Northwestern offensive lineman Rashawn Slater, participates in the school's Pro Day football workout for NFL scouts Tuesday, March 9, 2021, in Evanston, Ill. (AP Photo/Charles Rex Arbogast)

Tackle is always a Round 1 attraction, but will the Jets hop on the ride again? Last year they drafted their LT of the present and future in Mekhi Becton and signed RT George Fant in free agency. Chuma Edoga, the 2019 third-rounder, also is still on the roster.

So on the one hand it seems unlikely the Jets will tackle tackle again high in this draft. Yet on the other hand, GM Joe Douglas has often stated variations on the theme of "We need to have a strong offensive line."

But if the Jets aren't in the tackle market, lots of other teams will be. These are some candidates in the April 29-May 1 draft in Cleveland:

Top of the Class
Penei Sewell (6-5, 330), Oregon

Sewell opted out of the Ducks' 2020 season due to the COVID-19 pandemic but that hasn't hurt him much if any in this draft, in which he could be a top-5 pick. He made his way from American Samoa to Utah to UO, became a starter as a freshman and earned unanimous All-America and Pac-10 honors as a super soph, including the Outland Trophy, which goes to the top interior lineman in the country.

Pro Football Network's Tony Pauline notes that from the start of his college career, "Sewell was projected as a potential early draft pick at the all-important left tackle position. He possesses the footwork, agility, and movement skills, to hold down the position at the next level, and he projects well in a zone-blocking scheme. He must improve his strength at the point and develop a nasty attitude, but he comes with a large upside."

Rashawn Slater (6-4, 305), Northwestern
Slater is slightly undersized at 305 but makes up for it with outstanding athleticism — not a surprise considering his dad, Reggie Slater, played eight NBA seasons, including four games with the New Jersey Nets in 2001. Rashawn flipped from RT to LT in 2018 and started 26 straight games there, yielding no sacks his entire junior season. He announced he would sit out the Wildcats' 2020 season to begin preparing for the draft.

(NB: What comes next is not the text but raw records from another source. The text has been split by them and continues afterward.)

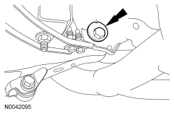 - To install, tighten the new nut to 101 Nm (74 lb-ft) with the suspension at the bushing fastener tightening position.
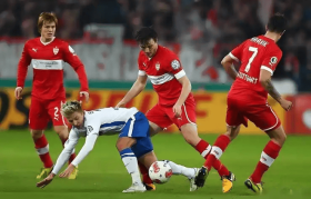 德甲第23轮战罢,保级大战圣保利2-1力克不来梅,成功踩着对手逃离降级区。斯图加特遭垫底的海登海姆3...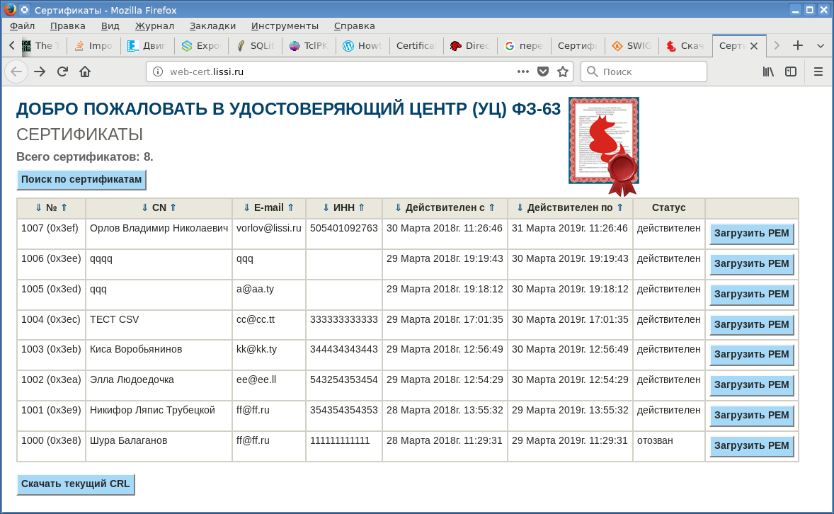 CAFL63 - Удостоверяющий Центр на базе СКЗИ «ЛИРССЛ-CSP», SQLite3 и Tcl/Tk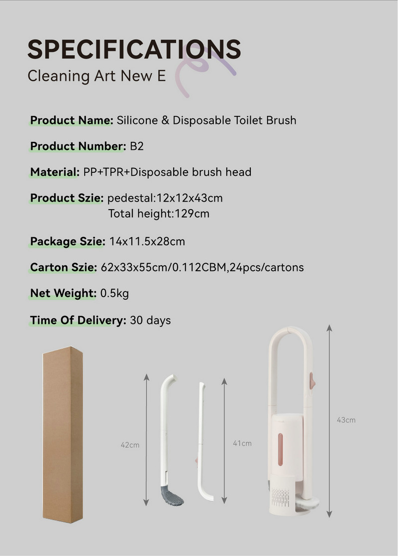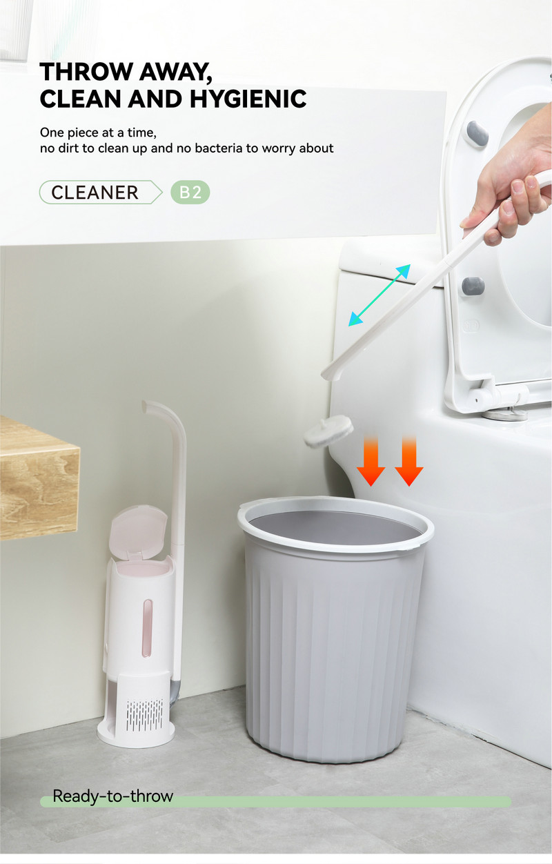 This innovative Disposable Toilet Brush Head is designed for ultimate hygiene and convenience. Each brush head is infused with deodorizing fragrances and powerful antibacterial agents, scientifically proven to eliminate 99.9% of bacteria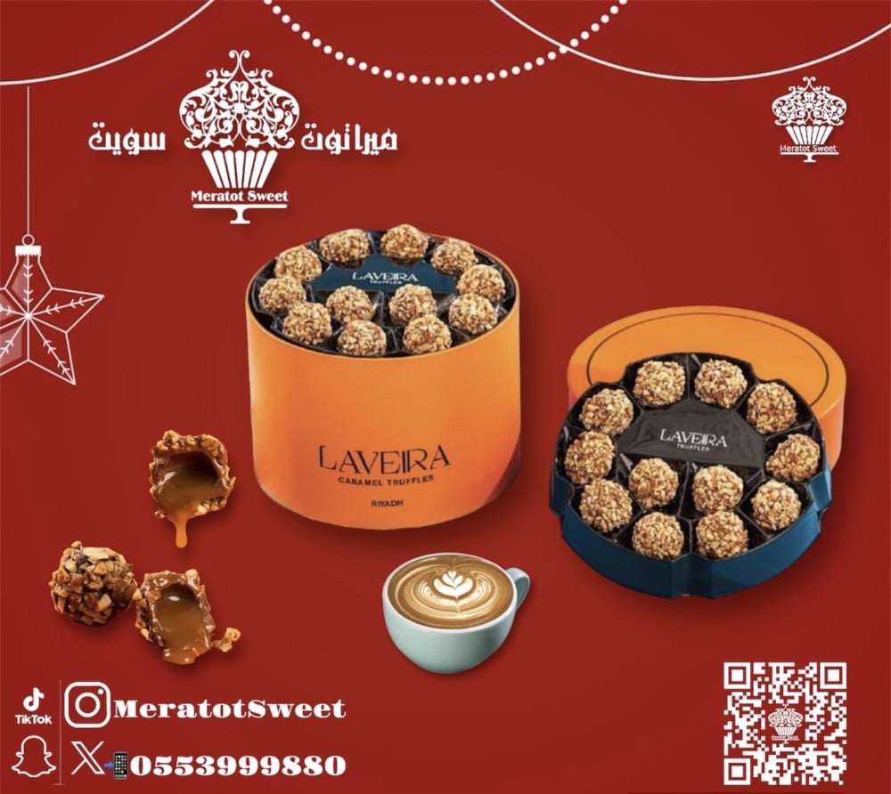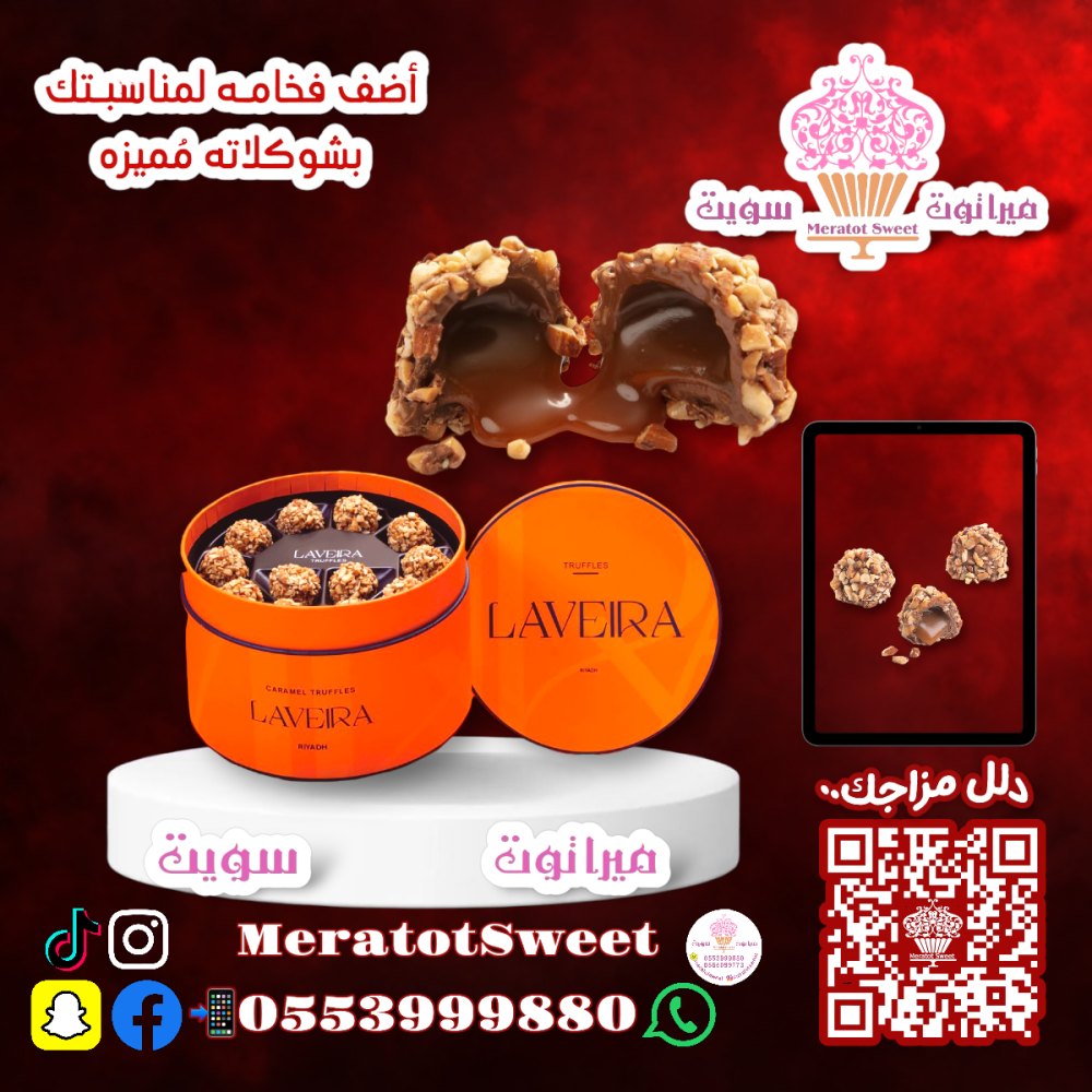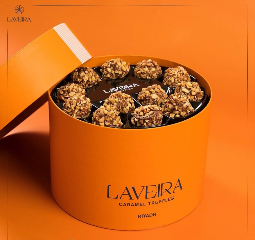 ثلاث طبقات داخل البوكس 36 قطعه من قطع شوكولا الترفل المحشي بالكارميل المصنع من أجود المكونات الخاصه بنا وهو سر تميزها مغطاه بقطع اللوز المحمص بعنايه لمنحك تجربه فريده لاتنسى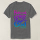 My 11 yo wore adult XL (5’7” 165#). The 8yo is small framed. She wore adult small and tied it in the back. Grandma wore adult large with long sleeve shirt underneath. Tall girl adult medium. Dark haired male adult large. Good quality dark Heather gray, Gildan brand shirt. -it was next up from basic choice and cost about $20 per shirt. Not too thick or thin. Washed and dried well, no major shrinkage. Not see-through. Can wear a bra under it fine. Screen print is just as shown and well done, front and back.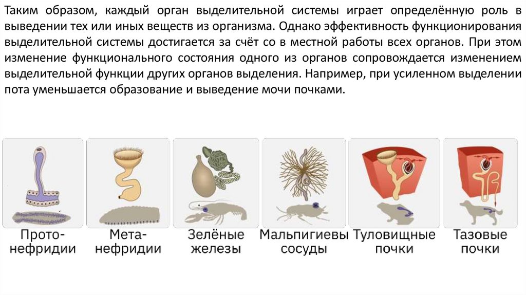 Таким образом, каждый орган выделительной системы играет определённую роль ввыведении тех или иных веществ из организма. Однако эффективность функционирования

Many draft watchers think Slater might make it into the top 10, but a couple of analysts think he might even make it to No. 5 and the Bengals. Ryan Wilson says, "Slater, who can play inside or outside, is a worthy selection here," while Josh Edwards opines that he "has five-position flexibility" and that the Stripes "must do right by Joe Burrow and invest further in the offensive line."

Best of the Rest
Christian Darrisaw (6-5, 314), Virginia Tech

Darrisaw had a low-key high school career and academic issues that prevented all but one FBS program from showing any interest in him. That program was Va. Tech, and he took the short trip south from his Maryland home to tear it up in Blacksburg. He was a three-year starter at left tackle who earned All-ACC first-team and All-America second-team recognition this past season and has played himself into the mid to low first round

"Darrisaw has ideal size, length and balance," draft maven Daniel Jeremiah, adding, "He'll have some trouble adjusting in space because of his average change-of-direction skills. I view him as a starting right tackle very early in his NFL career."

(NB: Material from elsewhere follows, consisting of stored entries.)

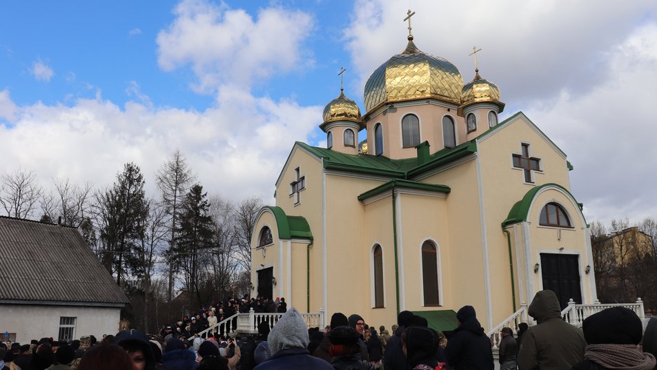 Біля храму зібралися кілька сотень людей. Між вірянами УПЦ МП та ПЦУ сталася сутичка, повідомляє кореспондентка Суспільного з місця події.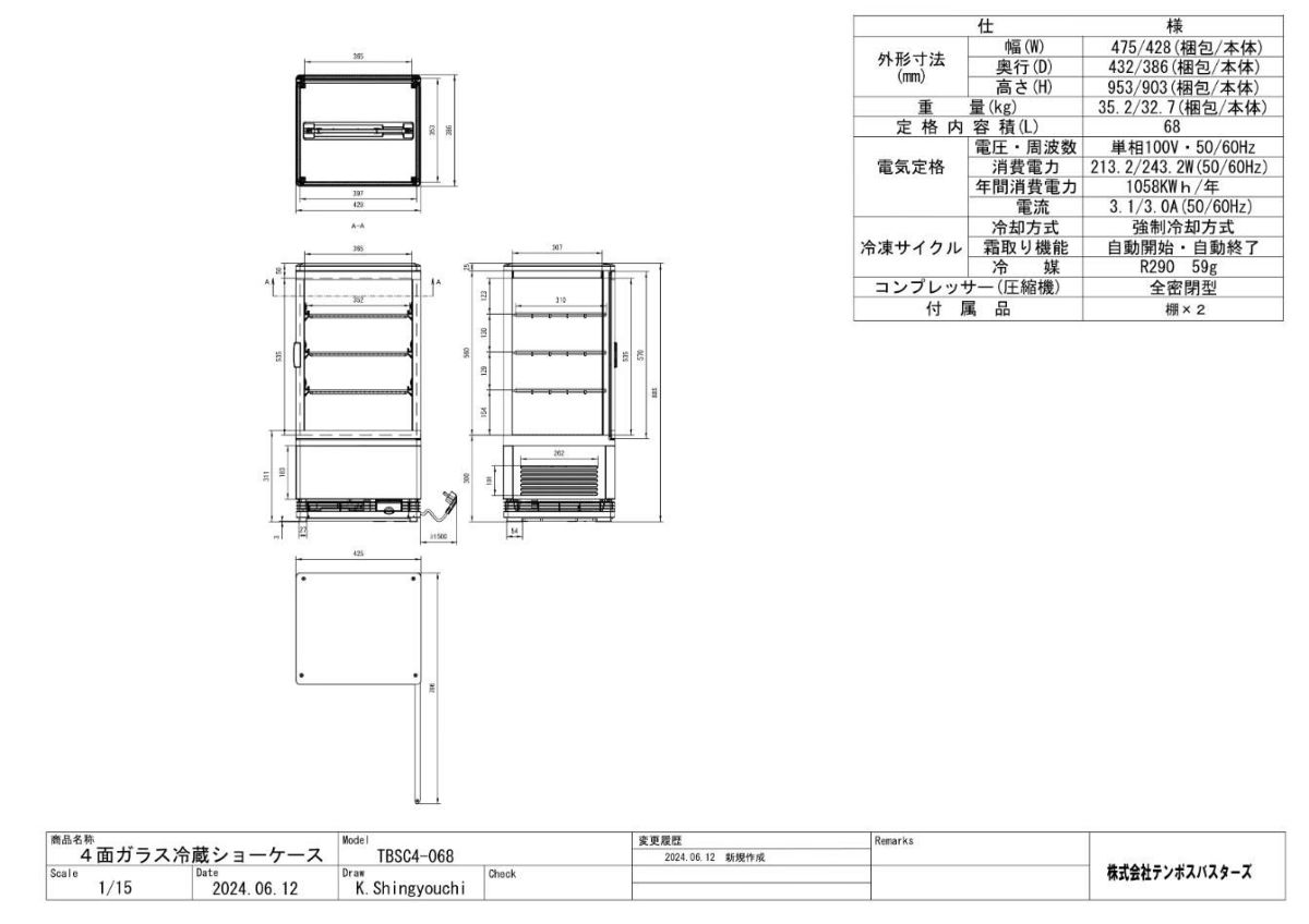 他の画像を見る 【テンポスオリジナル】TB4面ガラス冷蔵ショーケース 68L 黒 TBSC4-068-BK 幅428×奥行386×高さ903(mm) 単相100V/業務用/新品/送料無料 定価 ¥ 136,950 (税込)のところ 販売価格 ¥ 39,973 税込 詳細を見る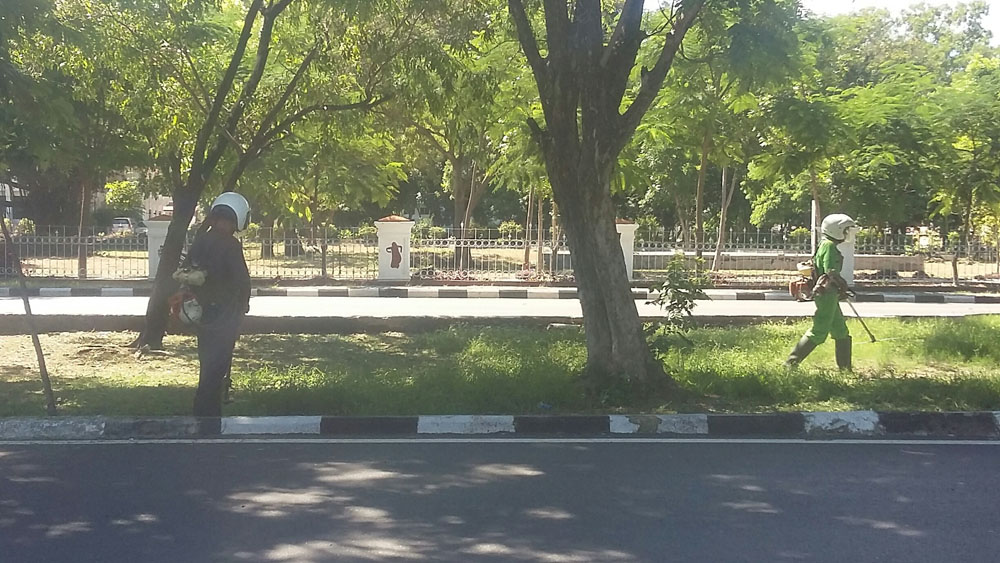 Seperti disaksikan Pos Kupang, Jumat (19/2/2016) ada dua orang yang sedang memangkas rumput sedangkan petugas lainnya sementara beristirahat.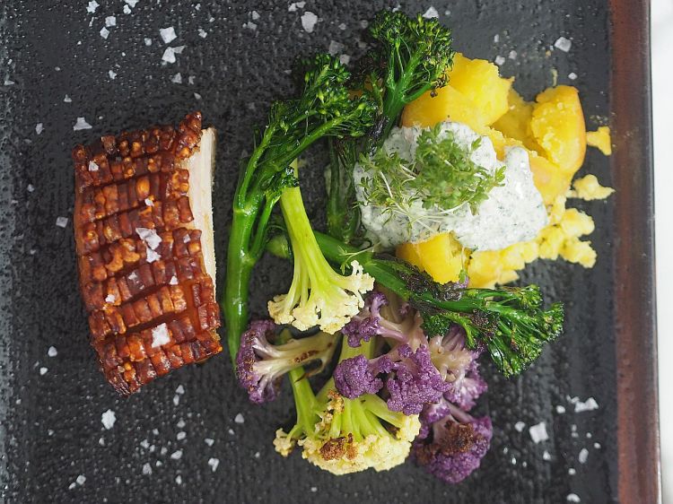 Schweinsbraten mit Wild-Brokkoli, Wild-Karfiol und Kartoffeln mit Kräutertopfen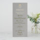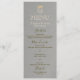 Einfaches, elegantes, modernes, luxuriöses, silbergraues Hochzeitsmenü mit goldenen königlichen Monogramm ganz oben. Perfekte Wahl für stilvolle, glamouröse, zeitgenössische Hochzeiten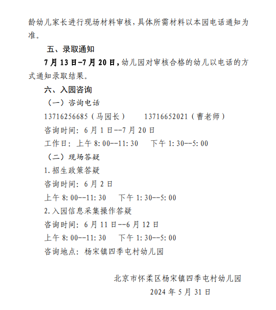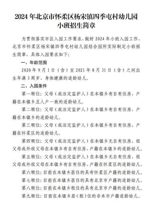 2024年怀柔区杨宋镇四季屯村幼儿园小班招生简章

Alex Leatherwood (6-6, 312), Alabama
Leatherwood spent his first two seasons at Alabama moving from left tackle to right tackle to right guard, where he started all 15 games as a true sophomore. Back at LT, he started every game in his last two seasons and wound up a two-time national champion, two-time All-SEC first-teamer, and a unanimous All-American and Outland Trophy winner to cap his senior season. He was 'Bama's third Outland winner in five years, following T Cam Robinson in '16 and eventual Jets DL Quinnen Williams in '18.

Day 3 Diamond
Spencer Brown (6-9, 321), Northern Iowa

Brown's massive size, athleticism and 35-inch arms would normally lift him into the top 100. But FCS schools didn't play their 2020 seasons until this spring, and Brown decided not to stay at UNI and also declined offers to play for some Power 5 programs to play for them this fall in order to enter the draft. His lost season will drop him down many boards, but some scouts are elevating his stock just a bit lately. It will be interesting to see if some NFL team plucks him early in Round 4 as its right tackle of the future.